Low level of certainty:

  1. The dependence of airborne survival on relative humidity and aerosol particle composition remains uncertain. In one study, SARS-CoV-2 survived for longer at intermediate RH than high RH in tissue culture medium, with the reverse trend in artificial saliva.9
  2. Although viral RNA has been identified in air samples in a number of studies, RNA genome copy numbers per litre of sampled air have spanned a large range from undetectable or close to the limit of detection (0.001-0.042 copies/L)13 to >3 copies/L of air.14,15 By comparison, air samples have reported up to 10,000 copies / L of air for influenza virus.16
  3. Although the airborne transmission of SARS-CoV-2 has been established between ferrets17 and the airborne transmission in humans has been inferred (e.g. during a choral society rehearsal),18 the relationship between RNA genome copy numbers and infectious virus remains uncertain.

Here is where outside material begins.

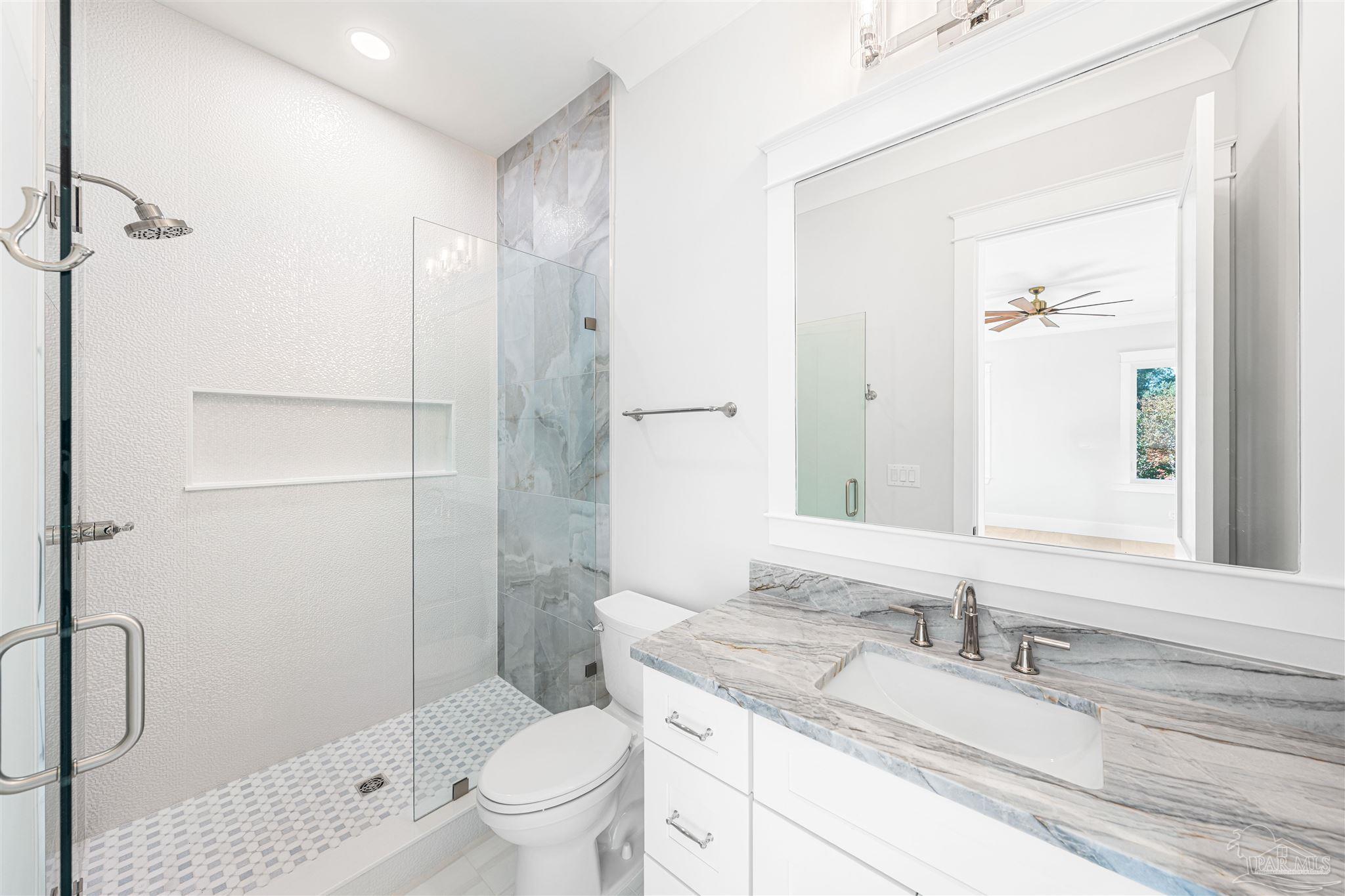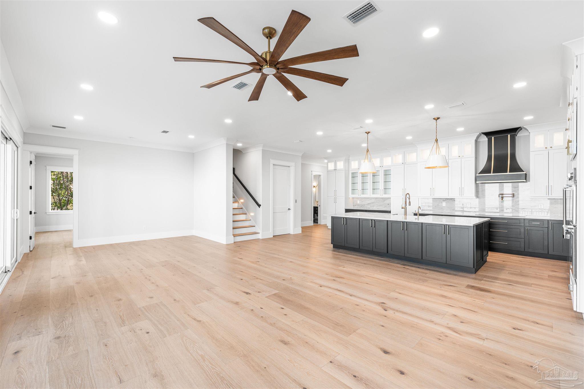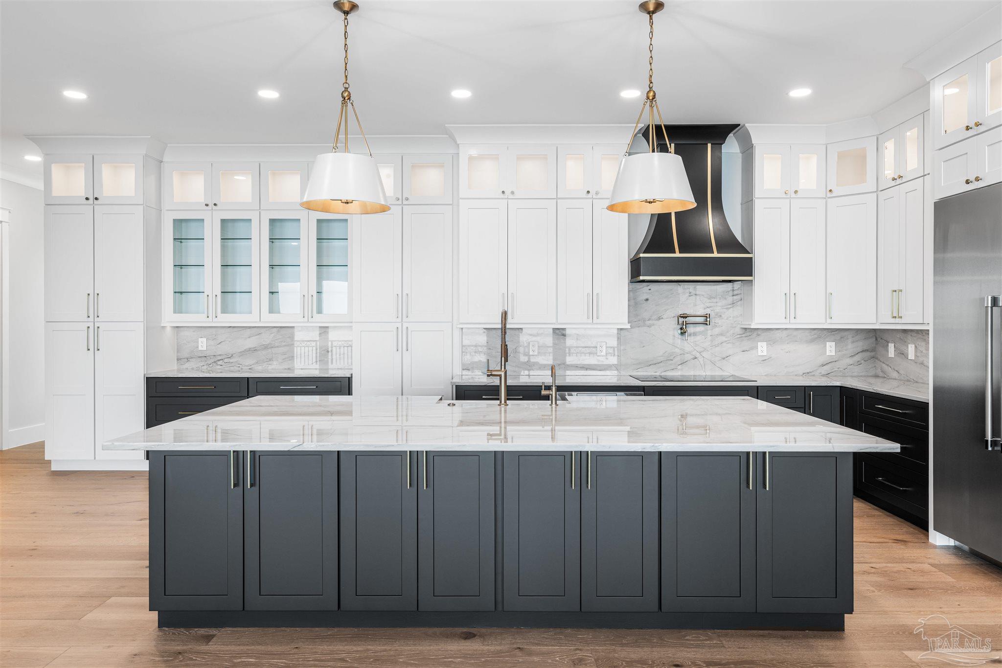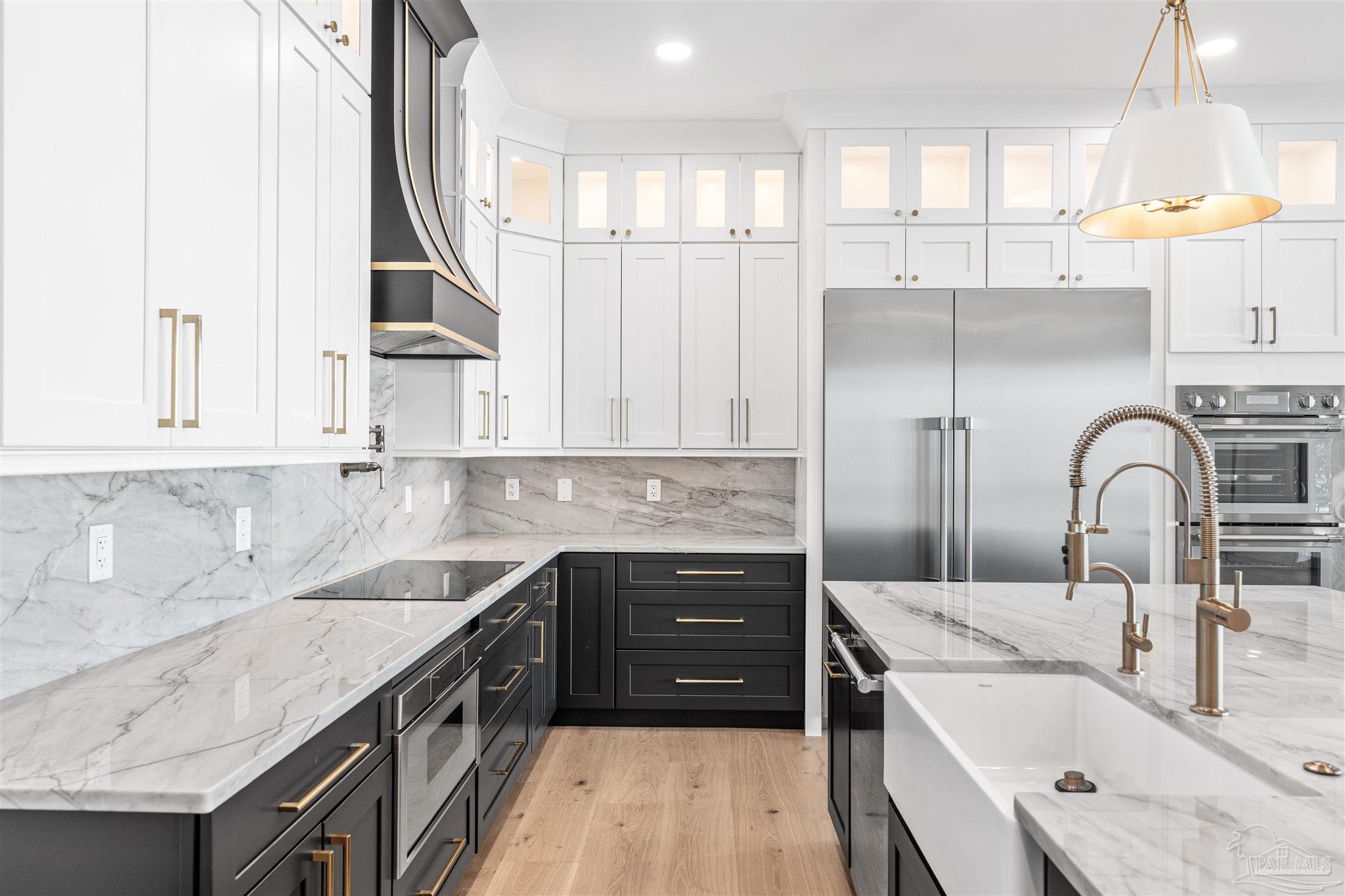 This is a must see newly built luxury home with all the bells and whistles. The home is built on a slab no flood zone with 3 full kitchens - 5 Bedrooms & 5 Full Baths & 1 Half (every bedroom has a bath). The home has an ELEVATOR that goes to all 3 Floors. Large Entry with beautiful double doors leading into the foyer with the elevator. 1st FL has a mother-in-law suite with Living room - Full Kitchen Large Bedroom with walkin shower - Utility room w/cabinets to fold clothes. Storage room. 2nd Floor Main Living Area - open Kitchen w/large island & top of the line appliances & soft close drawers - Large pantry - Large Master Bedroom with water view. Full Bath with soaking tub - walkin shower and large custom closet. Wine area with wine refrigerator. 2nd Bedroom w/full bath and walkin shower. The rooms have large windows for waterview & a walkout covered patio. 3rd floor has theater w/full Kitchen - Bedroom 4 w/full Bath - Bedroom 5 w/full bath. - Exercise room w/wet Bar to include refrigerator - sink - as well as covered deck. 3rd floor has stackable washer & dryer. 3rd Floor opens onto the covered patio in back & covered deck in front. This home will have crown molding - high ceilings - elevator to all 3 floors - 2nd washer & dryer on 3rd floor is a stackable for just that floor. The home will have 3 AC units - 2 Water Heaters - 2 Washer & Dryer units - 3 Full Kitchens w/Refrigerators. All flooring will be real engineered wood flooring and Porcelain Tile in all Baths. Boat slip #5 water & electric at end of dock. This is new construction w/new codes. Only new construction in Gulf Breeze proper. 3/4 Car Garage. Please note ceilings on all patios and decks. Seller will install a boat lift- Hot Tub on any deck - out door kitchen if Buyer desires or a sauna installed in exercise room - if not he will give a credit at closing. This home is READY TO MOVE INTO. Come See You Will Be Glad You Did.

  4. As of 26th August 2020, the authors are unaware of any study to have identified infectious virus from air samples. Other human respiratory viruses have been isolated and identified from airborne samples in a COVID clinic, but infectious SARS-CoV-2 has not been isolated.15,19 Low virus concentrations in airborne samples and the challenges of ensuring the integrity of viruses are not compromised during sampling could be possible reasons.


* The statements above are intended to be reviewed regularly as more information and new references emerge. If you have queries about the content of the above and wish to discuss these please contact the editors.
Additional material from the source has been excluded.